** Dataset excerpts **
>>>

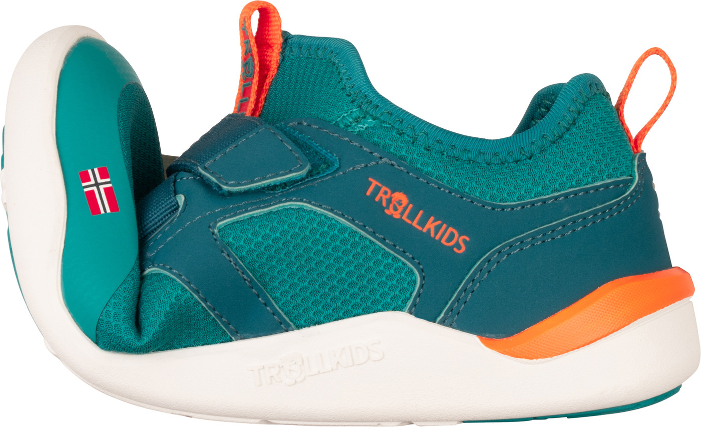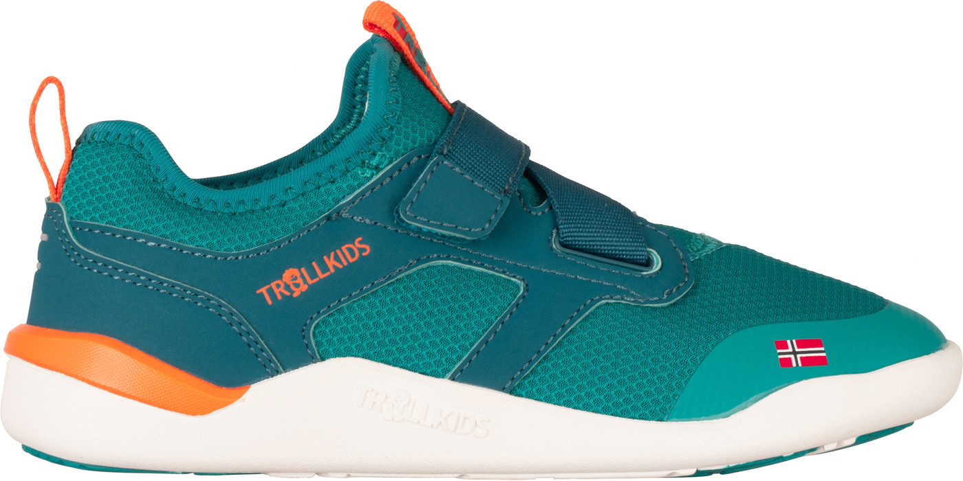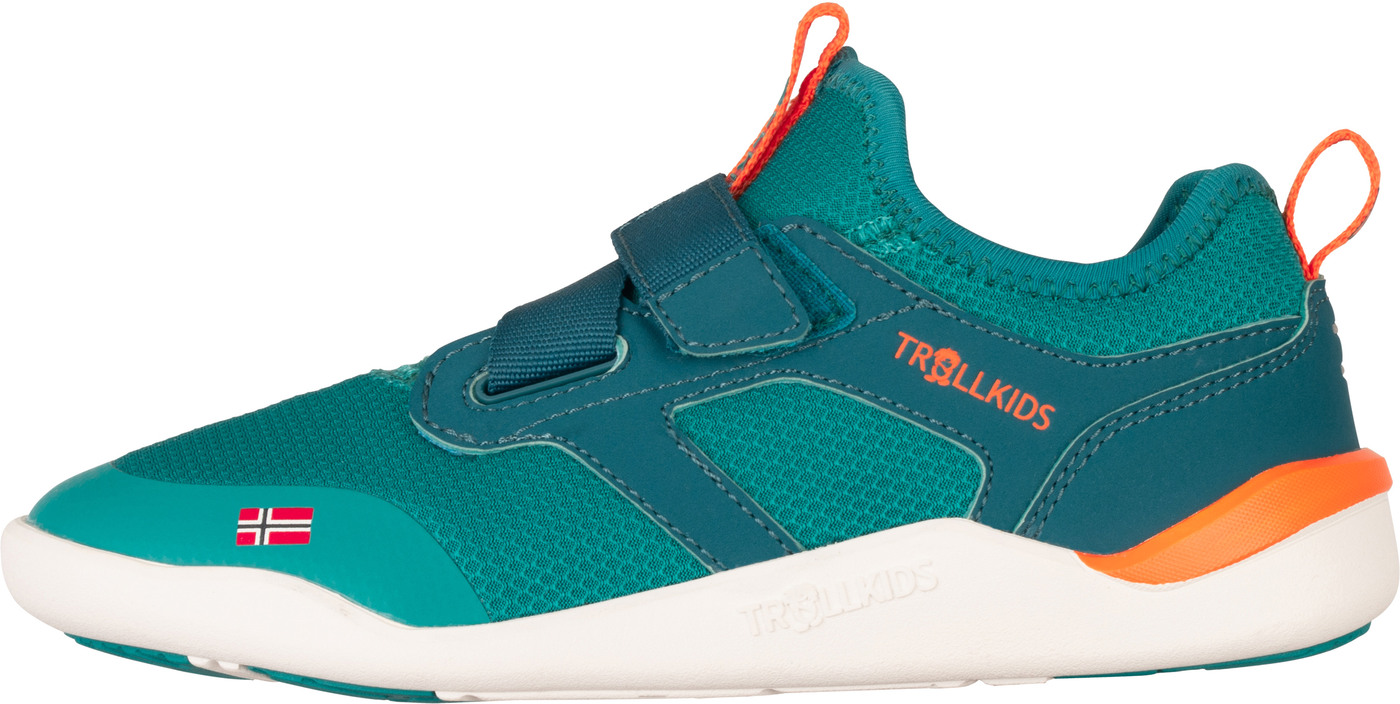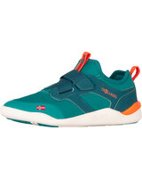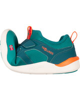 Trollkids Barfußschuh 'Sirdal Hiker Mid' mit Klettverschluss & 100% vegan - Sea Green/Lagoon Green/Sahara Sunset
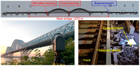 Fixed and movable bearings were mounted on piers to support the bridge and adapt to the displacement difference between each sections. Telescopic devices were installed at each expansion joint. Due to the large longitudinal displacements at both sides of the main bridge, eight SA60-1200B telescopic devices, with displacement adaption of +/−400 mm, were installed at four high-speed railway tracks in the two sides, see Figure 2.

<<<
>>>

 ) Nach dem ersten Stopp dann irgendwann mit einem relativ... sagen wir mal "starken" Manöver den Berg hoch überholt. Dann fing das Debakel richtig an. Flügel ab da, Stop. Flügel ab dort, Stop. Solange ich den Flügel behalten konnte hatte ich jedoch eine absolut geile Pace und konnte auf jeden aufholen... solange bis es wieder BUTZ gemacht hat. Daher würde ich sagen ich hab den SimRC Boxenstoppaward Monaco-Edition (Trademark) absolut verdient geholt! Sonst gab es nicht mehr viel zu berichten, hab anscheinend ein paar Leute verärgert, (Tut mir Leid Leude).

<<<

** What is being asked **
Word for word, restate the lines above from the one with "Trollkids Barfußschuh 'Sirdal" through the one with "Fixed and movable", keeping both ends and dropping the pictures.

** Answer space **
 Trollkids Barfußschuh 'Sirdal Hiker Mid' mit Klettverschluss & 100% vegan - Sea Green/Lagoon Green/Sahara Sunset
 Fixed and movable bearings were mounted on piers to support the bridge and adapt to the displacement difference between each sections. Telescopic devices were installed at each expansion joint. Due to the large longitudinal displacements at both sides of the main bridge, eight SA60-1200B telescopic devices, with displacement adaption of +/−400 mm, were installed at four high-speed railway tracks in the two sides, see Figure 2.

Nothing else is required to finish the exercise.